Miracle cures’ topped the list of Trump’s most talked-about falsehoods, driven in part by his frequent promotion of hydroxychloroquine (left). Trump’s attacks on scientists like Dr Fauci (right) were the source of the fifth most-common type of information the Cornell team found he spread

Dr Fauci said on Thursday that his comments were ‘taken out of context’ during a Thursday ABC News interview. 

‘So the feeling was that people who were wanting to have masks in the community, namely just people out in the street, might be hoarding masks and making the shortage of masks even greater.
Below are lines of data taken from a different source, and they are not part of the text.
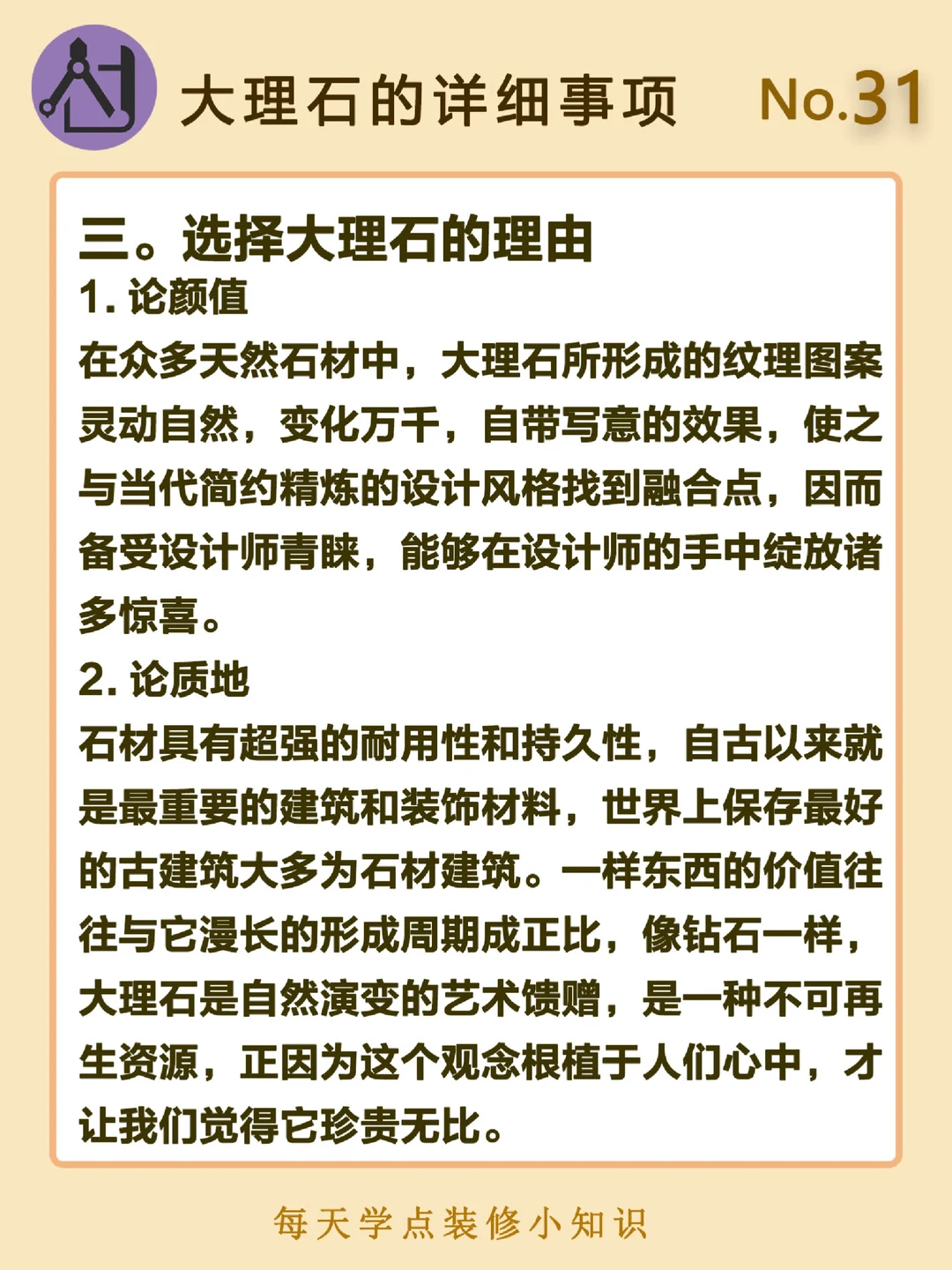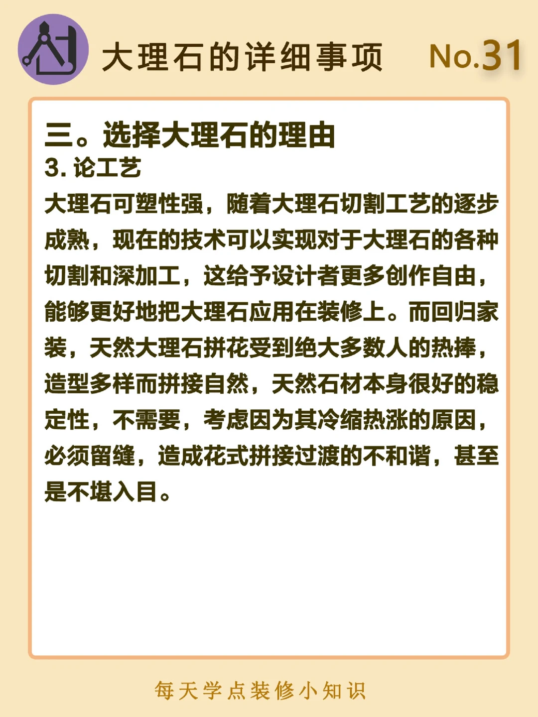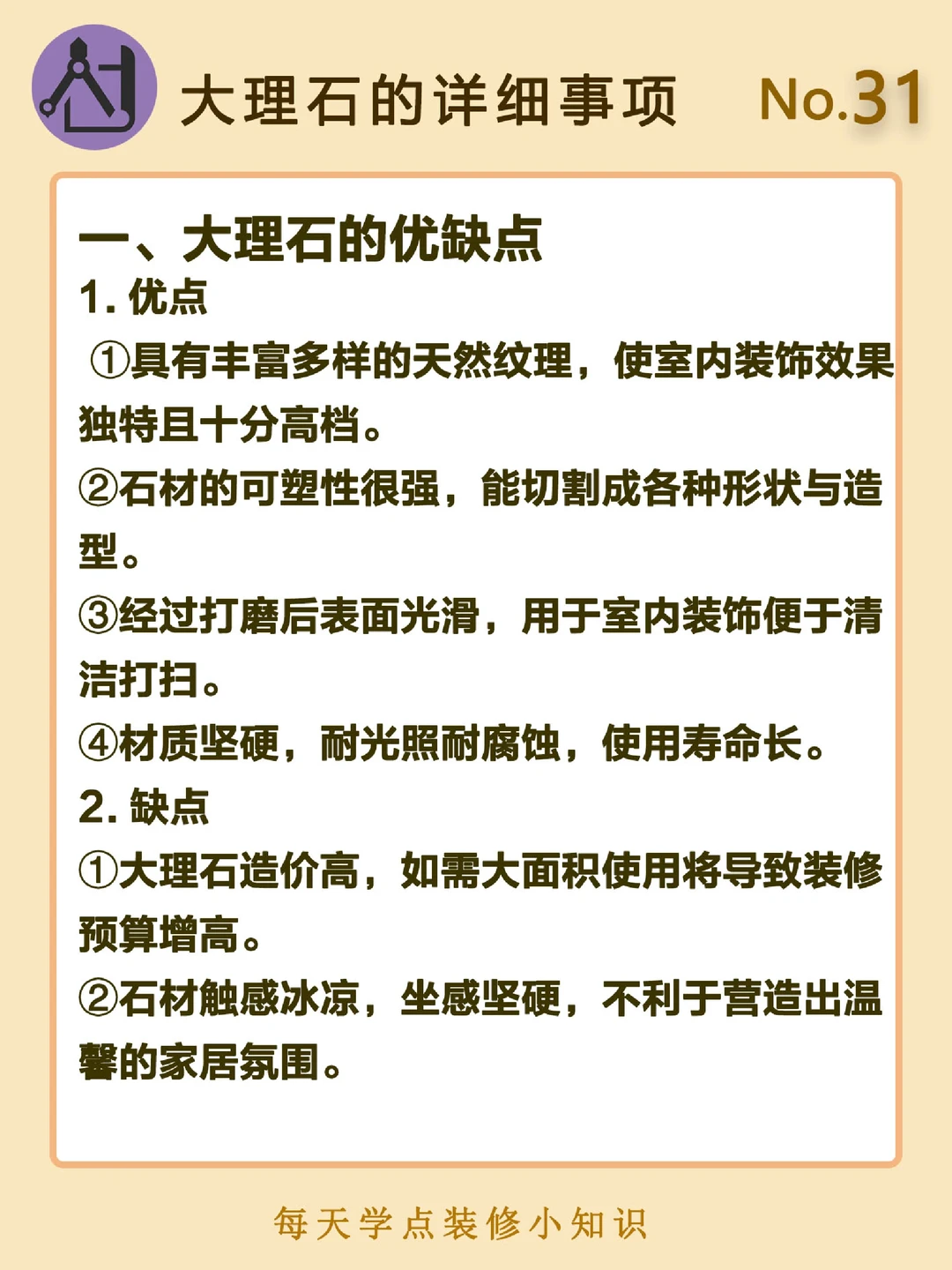 ①大理石造价高,如需大面积使用将导致装修预算增高。
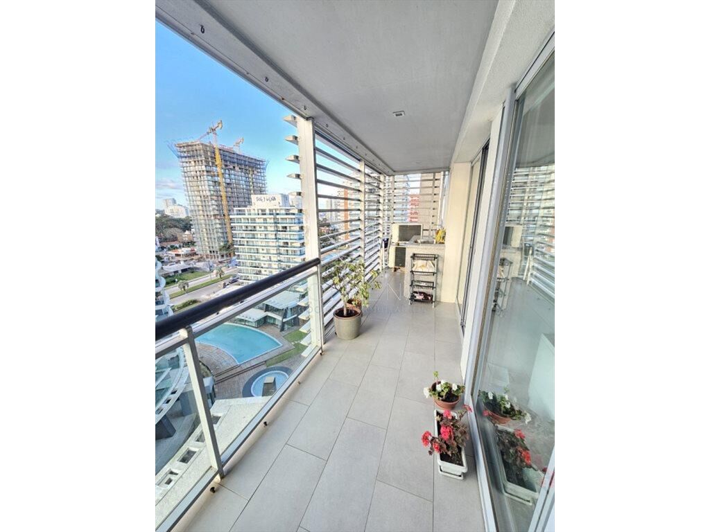 La unidad cuenta con una cocina equipada que se abre a una acogedora terraza, perfecta para disfrutar de momentos al aire libre. El luminoso living-comedor invita a relajarse y compartir con familiares y amigos. Además, el edificio ofrece servicios de mucamas y playa, asegurando que tu experiencia sea completamente placentera.
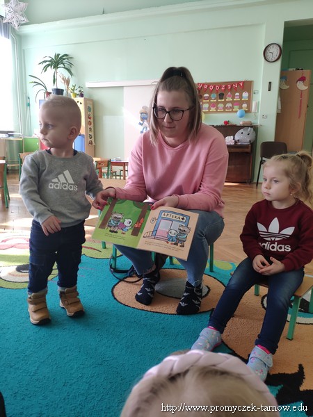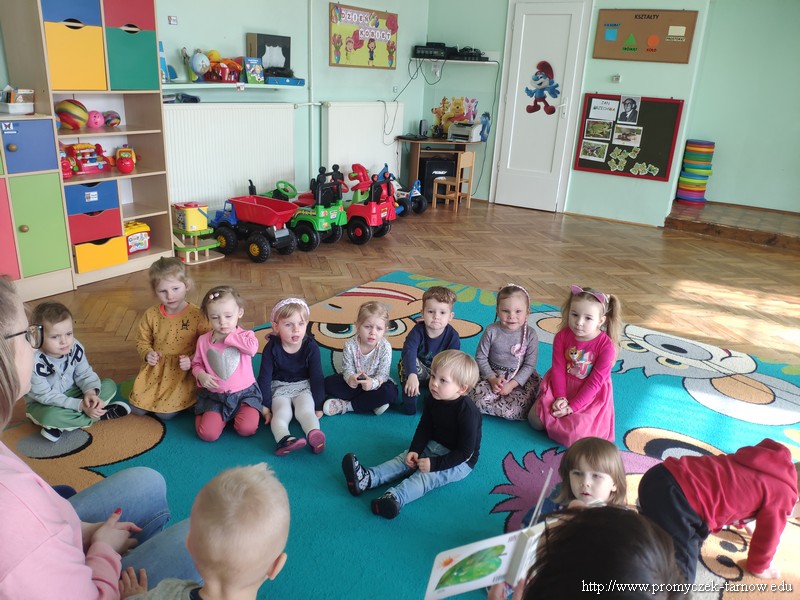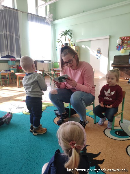 W ramach ogólnopolskiego programu Cała Polska Czyta Dzieciom grupę Smyków odwiedziła mama Wiktorii. Pani (imię) przeczytała dzieciom bajeczkę "Bardzo głodna gąsienica" autorstwa Erica Carle'a oraz " Kicia Kocia majsterkuje" autorstwa Anity Głowińskiej. Dzieci z przejęciem wysłuchały bajeczek, odpowiadały na pytania dotyczące treści. Na koniec wszystkie Smyki wspólnie z naszym gościem zatańczyły w kółeczku ulubionego Grozika. Już czekamy na kolejne spotkanie.
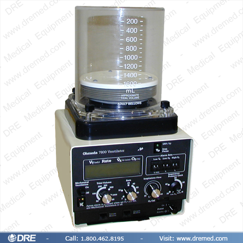 The Ohmeda 7800 Anesthesia Ventilator is available refurbished from DRE, Inc. This ventilator can be utilized on adult patients with a pediatric option. The 7800 is powered by AC with battery back-up. The liquid crystal display ensures a clear display screen. Functions are microprocessor controlled and there are audible and visual alarms. The vent provides Oxygen, Volume, and Airway Pressure monitoring.

In that context, we said that we did not recommend masks,’ said Dr Fauci. 

Although Dr Fauci quickly became a household name, his words simply didn’t travel as far or as fast as President Trump’s.  

As Dr Fauci was pleading with the American public to wear masks, Trump continued to toss them aside, and many of his constituents followed suit.  

 ‘One of the more interesting aspects of the data collection process was discovering the staggering amount of misinformation coverage directly linked to the public comments of a small number of individuals,’ Co-author Jordan Adams, a data analyst at Cision Insights, which provided the database, added. 

The database they used aggregates coverage from countries such as the US, Britain, India, Ireland, Australia, New Zealand and other African and Asian nations. 

After miracle cures, the second-most prevalent misinformation topic was that the pandemic was created to advance a ‘new world order.’

Next came the claim that the pandemic was a hoax for political gain by the US Democratic Party, followed by conspiracies alleging the virus was a bioweapon released by a laboratory in Wuhan, China.

Conspiracy theories linking the pandemic to philanthropist Bill Gates came next, then the hoax that Covid-19 symptoms are caused by 5G phone networks, anti-Semitic conspiracy theories and the notion that the virus is a form of population control.

Attacks on US government scientist Fauci, references to the debunked ‘Plandemic’ video, and blaming the virus on Chinese people consuming bat soup rounded off the list.

The study authors also tracked how the stories were shared on social media, finding that the posts elicited 36 million engagements, three-quarters of them on Facebook.

The research was partly funded by the Bill and Melinda Gates Foundation.